▶ **Work task**
Would you reproduce the whole listing exactly, dropping any pictures it holds?

▶ **Supplied material**
-=-=-=-=-

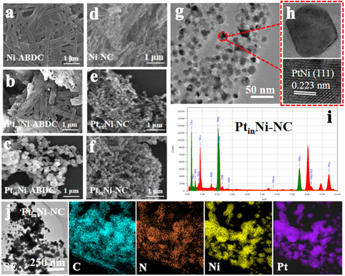| Fig. 2. SEM images of (a) Ni-ABDC, (b) PtexNi-ABDC, (c) PtinNi-ABDC, (d) Ni-NC, (e) PtexNi-NC, (f) PtinNi-NC. (g, h) HRTEM images, (i) EDS pattern, (j) HAADF-STEM and elemental mapping images of PtinNi-NC. | |
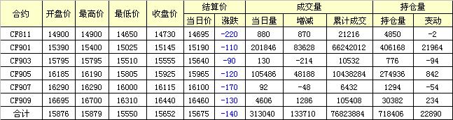 主力CF901合約當(dāng)日交易走勢圖
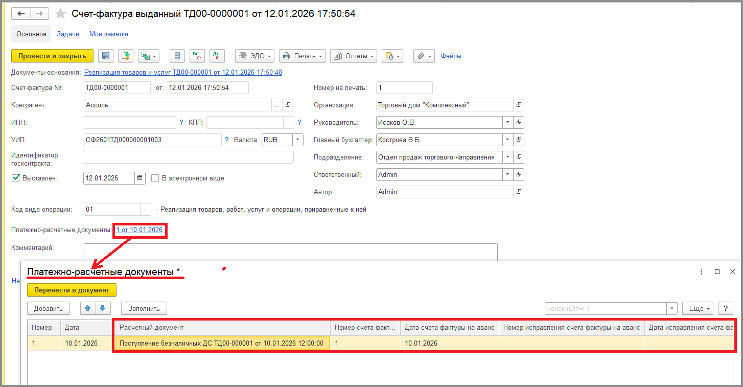 Начиная с версий 2.5.25.80 (2.5.22.134) 1С ERP Управление предприятием 2.5, Комплексная автоматизация 2, 11.5.25.80 (11.5.22.134) 1С: Управление торговлей 11, 3.0.189 1С Бухгалтерия предприятия 3.0, в документах Счет-фактура выданный и Счет-фактура выданный комиссионеру (агенту) на форму Платежно-расчетные документы добавлены новые колонки табличной части: Расчетный документ (документ поступления аванса), Номер счета-фактуры на аванс, Дата счета-фактуры на аванс, Номер исправления счета-фактуры на аванс, Дата исправления счета-фактуры на аванс. Новые реквизиты отображаются в счетах-фактурах с 01.01.2026 г.
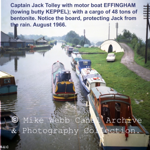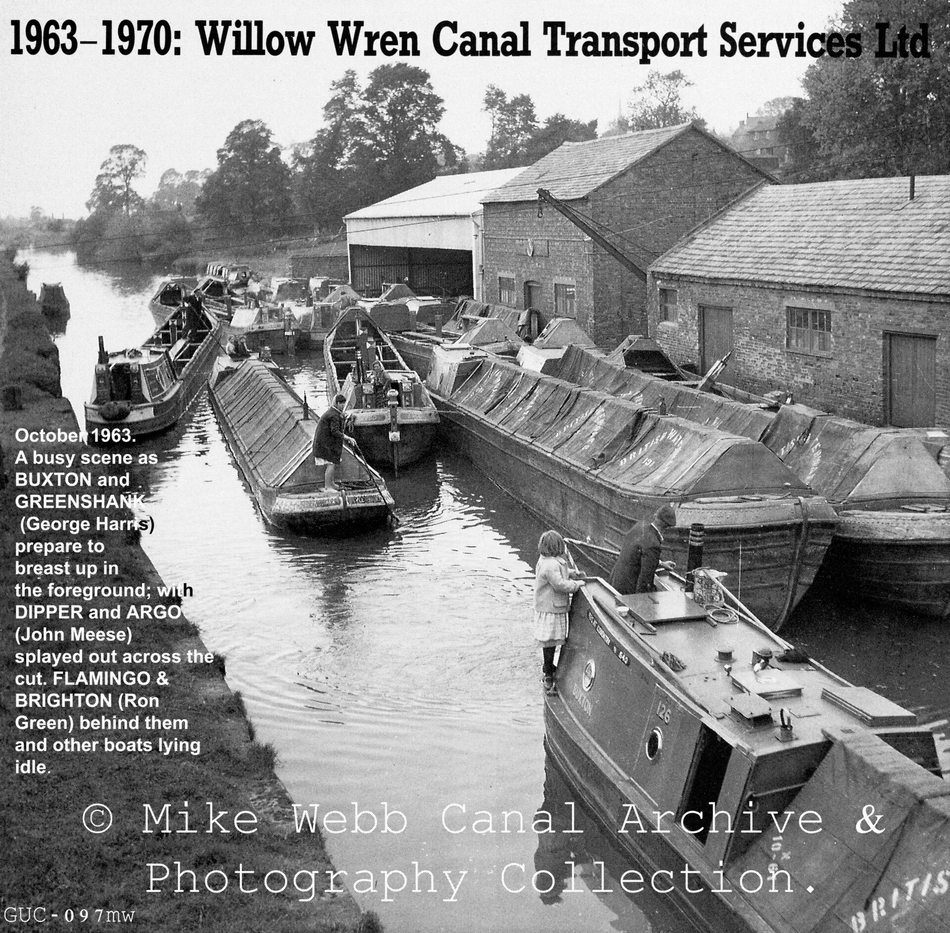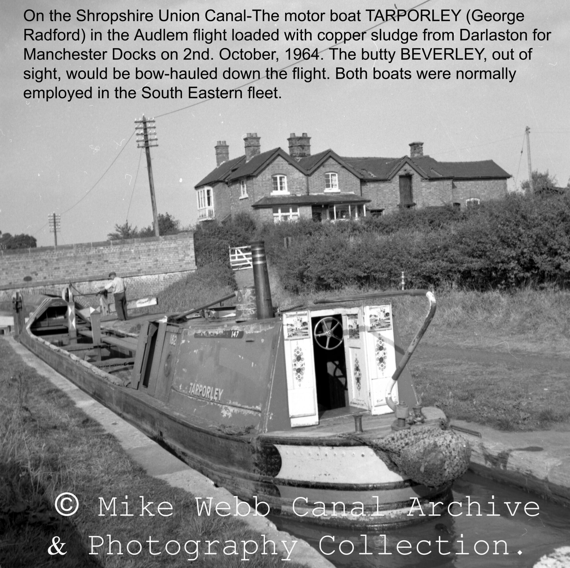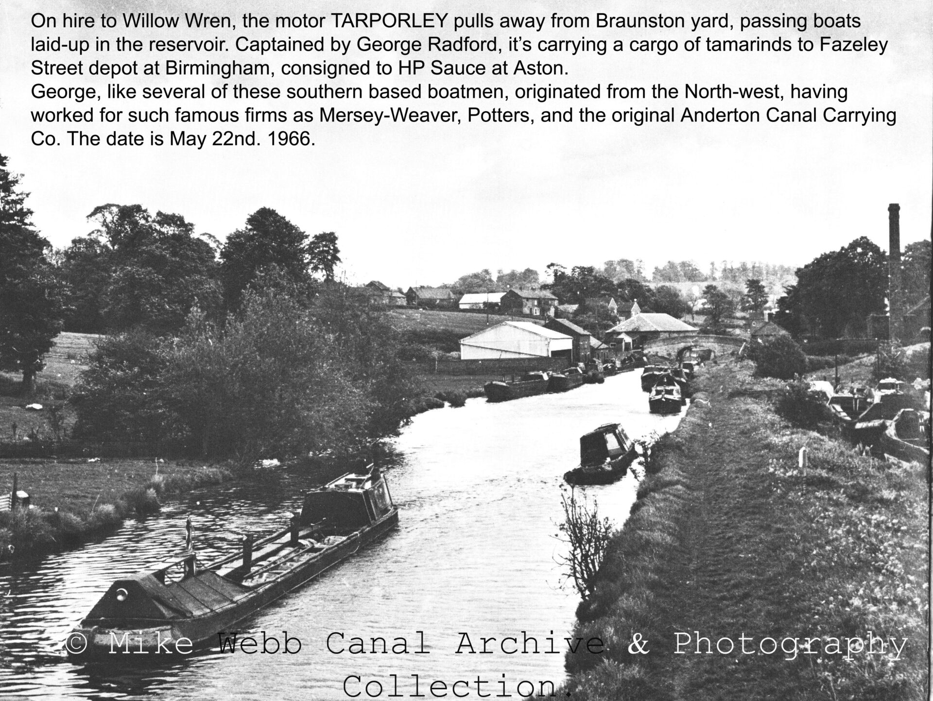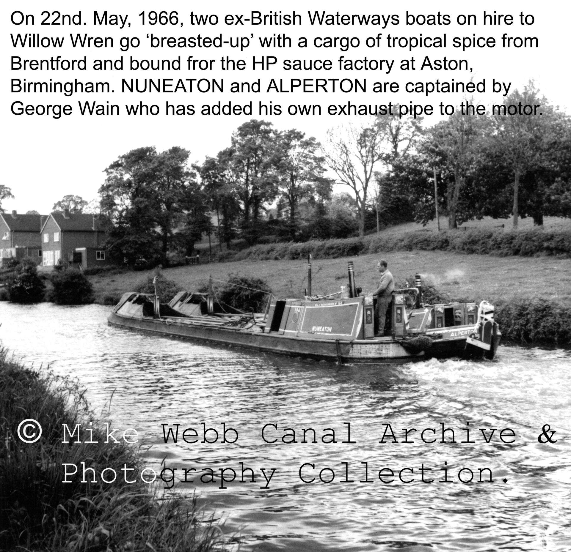 I acquired my first camera in 1958 and immediately began to take photographs of any working boat I was lucky enough to spot on the Shroppie. The next decade witnessed a rather rapid demise in commercial carrying along the Shropshire Union, although the remnants of the British Waterways Northwest fleet were firstly taken over by Willow Wren Canal Transport Services and latterly by the newly formed Anderton Canal Carrying Co. However, by the end of the Sixties, the canal had become increasingly the haunt of pleasure boaters. During this period one or two small outfits bravely carried out a rearguard action notably the Birmingham & Midland Canal Carrying Company and F.B. Lycett of Willenhall. The former Gas Street based organisation carried such commodities as aluminium (Walsall to Liverpool), pitch (Liverpool to Oldbury) and motor oil (Ellesmere Port to Aldridge on the BCN). The photogenic pair, BILSTER and ANGEL, of the Lycett company were often to be seen carrying aluminium from Weston Point Docks to Wolverhampton, sometimes carrying loads of up to 52 tons per pair under the shrewd captaincy of George ‘Jumbo’ Harris who is reputed to have worked for every canal carrying company since the last war!.

-=-=-=-=-

▶ **Output for this exercise**
| Fig. 2. SEM images of (a) Ni-ABDC, (b) PtexNi-ABDC, (c) PtinNi-ABDC, (d) Ni-NC, (e) PtexNi-NC, (f) PtinNi-NC. (g, h) HRTEM images, (i) EDS pattern, (j) HAADF-STEM and elemental mapping images of PtinNi-NC. | |
 主力CF901合約當(dāng)日交易走勢圖
 Начиная с версий 2.5.25.80 (2.5.22.134) 1С ERP Управление предприятием 2.5, Комплексная автоматизация 2, 11.5.25.80 (11.5.22.134) 1С: Управление торговлей 11, 3.0.189 1С Бухгалтерия предприятия 3.0, в документах Счет-фактура выданный и Счет-фактура выданный комиссионеру (агенту) на форму Платежно-расчетные документы добавлены новые колонки табличной части: Расчетный документ (документ поступления аванса), Номер счета-фактуры на аванс, Дата счета-фактуры на аванс, Номер исправления счета-фактуры на аванс, Дата исправления счета-фактуры на аванс. Новые реквизиты отображаются в счетах-фактурах с 01.01.2026 г.
 I acquired my first camera in 1958 and immediately began to take photographs of any working boat I was lucky enough to spot on the Shroppie. The next decade witnessed a rather rapid demise in commercial carrying along the Shropshire Union, although the remnants of the British Waterways Northwest fleet were firstly taken over by Willow Wren Canal Transport Services and latterly by the newly formed Anderton Canal Carrying Co. However, by the end of the Sixties, the canal had become increasingly the haunt of pleasure boaters. During this period one or two small outfits bravely carried out a rearguard action notably the Birmingham & Midland Canal Carrying Company and F.B. Lycett of Willenhall. The former Gas Street based organisation carried such commodities as aluminium (Walsall to Liverpool), pitch (Liverpool to Oldbury) and motor oil (Ellesmere Port to Aldridge on the BCN). The photogenic pair, BILSTER and ANGEL, of the Lycett company were often to be seen carrying aluminium from Weston Point Docks to Wolverhampton, sometimes carrying loads of up to 52 tons per pair under the shrewd captaincy of George ‘Jumbo’ Harris who is reputed to have worked for every canal carrying company since the last war!.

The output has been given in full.